These deaths used to be relatively rare, but, as the Post explained a decade ago, “in the early 1990s, car-safety experts declared that passenger-side front airbags could kill children, and they recommended that child seats be moved to the back of the car; then, for even more safety for the very young, that the baby seats be pivoted to face the rear.” Now, it is that much easier to not notice a child in the backseat when exiting a car.
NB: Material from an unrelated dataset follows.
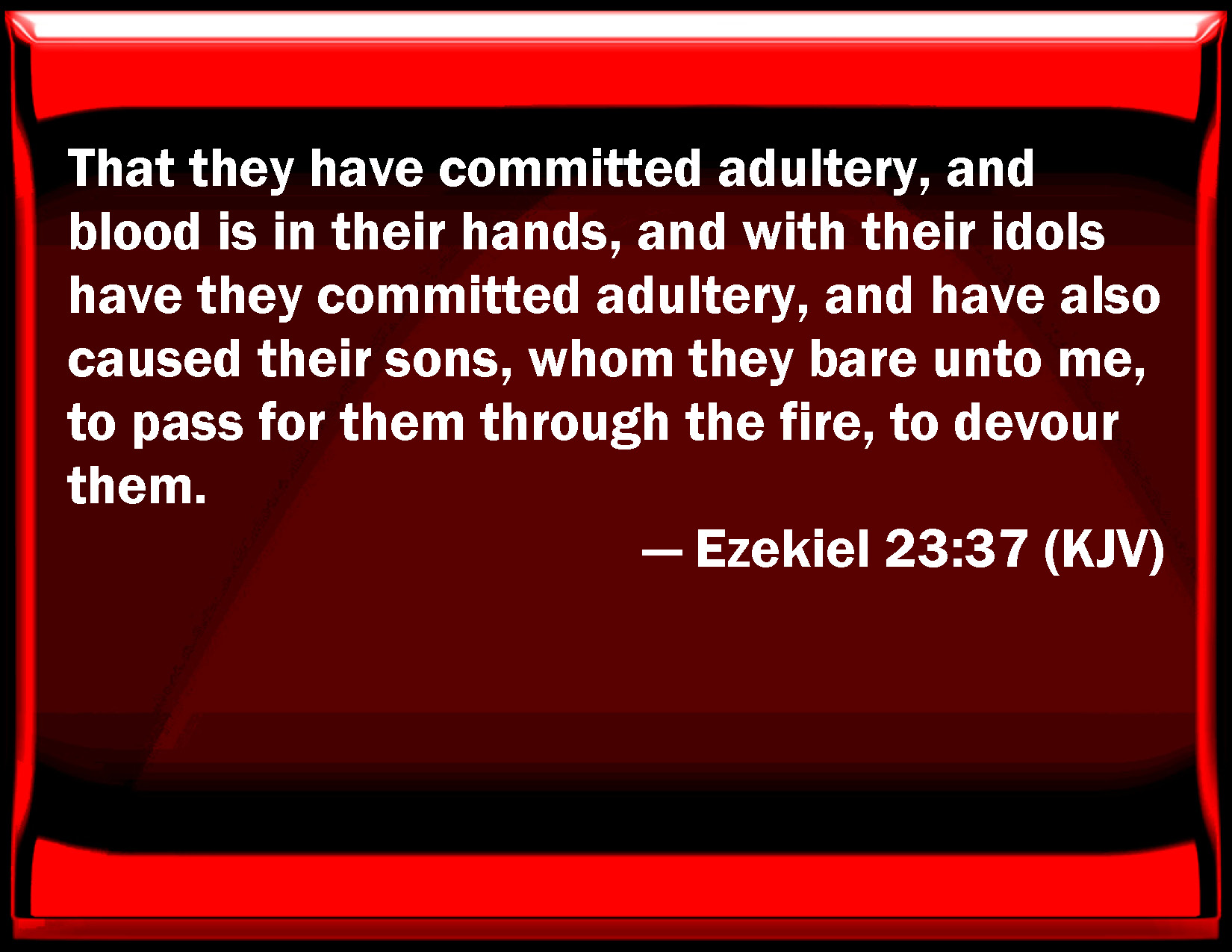 Bible Verse Slide Ezekiel 23:37 That they have committed adultery, and blood is in their hands, and with their idols have they committed adultery, and have also caused their sons, whom they bore to me, to pass for them through the fire, to devour them. KJV: That they have committed adultery, and blood is in their hands, and with their idols have they committed adultery, and have also caused their sons, whom they bare unto me, to pass for them through the fire, to devour them. DRB: Because they have committed adultery, and blood is in their hands, and they have committed fornication with their idols: moreover also their children, whom they bore to me, they have offered to them to be devoured. DBT: For they have committed adultery, and blood is in their hands; and with their idols have they committed adultery, and have also passed over unto them their children, whom they bore unto me, to be devoured. ERV: For they have committed adultery, and blood is in their hands, and with their idols have they committed adultery; and they have also caused their sons, whom they bare unto me, to pass through the fire unto them to be devoured. WBT: That they have committed adultery, and blood is in their hands, and with their idols have they committed adultery, and have also caused their sons, whom they bore to me, to pass for them through the fire, to devour them. WEB: For they have committed adultery, and blood is in their hands; and with their idols have they committed adultery; and they have also caused their sons, whom they bore to me, to pass through [the fire] to them to be devoured. YLT: For they have committed adultery, And blood is in their hands, With their idols they committed adultery, And also their sons whom they bore to Me, They caused to pass over to them for food.Links Ezekiel 23:37 NIV • Ezekiel 23:37 NLT • Ezekiel 23:37 ESV • Ezekiel 23:37 NASB • Ezekiel 23:37 KJV • Ezekiel 23:37 Interlinear • Ezekiel 23:37 Commentaries • Ezekiel 23:37 Parallel Texts • Ezekiel 23:37 Bible Apps • Ezekiel 23:37 Parallel • Bible Hub |
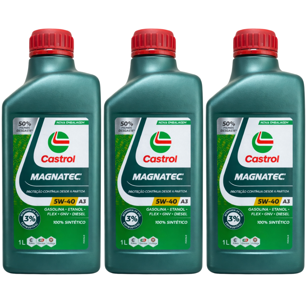 CASTROL MAGNATEC 5W40. Este anuncio contem: 03 - Óleo Castrol Magnatec 5w40 Sintético 1 litro. O Castrol MAGNATEC foi projetado para oferecer proteção instantânea a partir do momento em que você dá a partida no carro, reduzindo drasticamente o desgaste do motor. ESPECIFICAÇÕES DE DESEMPENHO DO PRODUTO: SAE: 5W-40; API: SN; ACEA: A3/B4; VW 502 00/505 00; MB-Approval 229.5; Renault RN 0700/ RN 0710. O SEU MOTOR NECESSITA DE UM ÓLEO CRIADO ESPECIALMENTE PARA PROTEGÊ-LO CONTRA O DESGASTE CAUSADO POR TRÂNSITO LENTO. Cada vez que você vai ao trabalho ou leva os filhos para a escola de carro, é inevitável parar em sinais vermelhos ou cruzamentos. Dirigir em marcha lenta no trânsito provoca um desgaste prejudicial em seu carro. O Castrol® MAGNATEC® protege o seu motor em condições de tráfego intenso, oferecendo uma proteção 20% melhor contra os danos produzidos pelo desgaste no motor, durante os avanços e paradas no trânsito lento. O QUE ESTÁ ACONTECENDO? Os motores são feitos para funcionar de forma eficaz em altas velocidades, com pequenas variações. Porém, a velocidade do automóvel varia muito nas condições de trânsito lento, em que o carro “avança e para”, já que é preciso acelerar, desacelerar, andar em marcha lenta, frear e, depois, repetir toda essa manobra. Estudos mostram que esses movimentos chegam, em média, a 18.000 repetições ao ano e que estas variações de velocidade causam um desgaste microscópico nas partes críticas do motor. Isso acontece porque as cargas nas partes críticas do motor em marcha lenta podem ser até 66% maiores do que em velocidades mais altas e constantes, típicas de estradas. Por isso o desgaste no motor é muito maior no trânsito lento, quando se “avança e para”. A nossa empresa comercializa apenas produtor originais de fabricantes certificado pelo ISO 9001. Dúvidas frequentes: Nós trabalhamos apenas com produtos novos e com garantia. Nossos produtos são de qualidade original, respeitando todas as regras do fabricante. Produto a pronta entrega. Seus produtos serão enviados em até 24 horas úteis. Sobre o produto: Além de ser responsável pela lubrificação, o óleo atua na prevenção do desgaste, da oxidação e da corrosão das peças do motor. Assim, o componente garante o bom desempenho do propulsor e evita prejuízos para o motorista. A lubrificação errada, no entanto, pode significar a redução da performance do automóvel, o aumento no consumo de combustível e até mesmo a fundição do motor. Uma lubrificação ineficiente pode ser causada por vários fatores, desde o modo de aplicação no motor até a utilização de lubrificantes que não seguem as especificações das montadoras do veículo Sobre nossa empresa: Estamos há mais de 30 anos no mercado de autopeças, buscando sempre a satisfação dos nossos clientes. Trabalhamos com as melhores marcas do ramo automotivo e aqui você encontrará as melhores peças para seu veículo, e contará com qualidade e o melhor atendimento. Nossos produtos são todos rigorosamente conferidos e embalados para que chegue até você da melhor maneira. Trabalhamos somente com peças novas, originais ou de marcas de primeira linha.

We know a simple, practical ways to prevent these cases: manufacturing cars with backseat sensors. But efforts to pass bills requiring such sensors have failed, in part because of auto lobby resistance. As the Times reported last month, groups opposing such legislation, including the Alliance of Automobile Manufacturers, which lobbies on behalf of a dozen major car companies, “have long said that education is enough.” The Hot Cars Act of 2019, which would require that cars remind drivers to check the back seat after the engine has been turned off, has made it to Congress—but no such bill has passed, despite two decades of efforts. A scattering of products—from reminder apps to weight sensors attached to alarm systems—have popped up as potential solutions, but people have to first believe that they could commit such a horrific mistake in order for them to buy one of these products.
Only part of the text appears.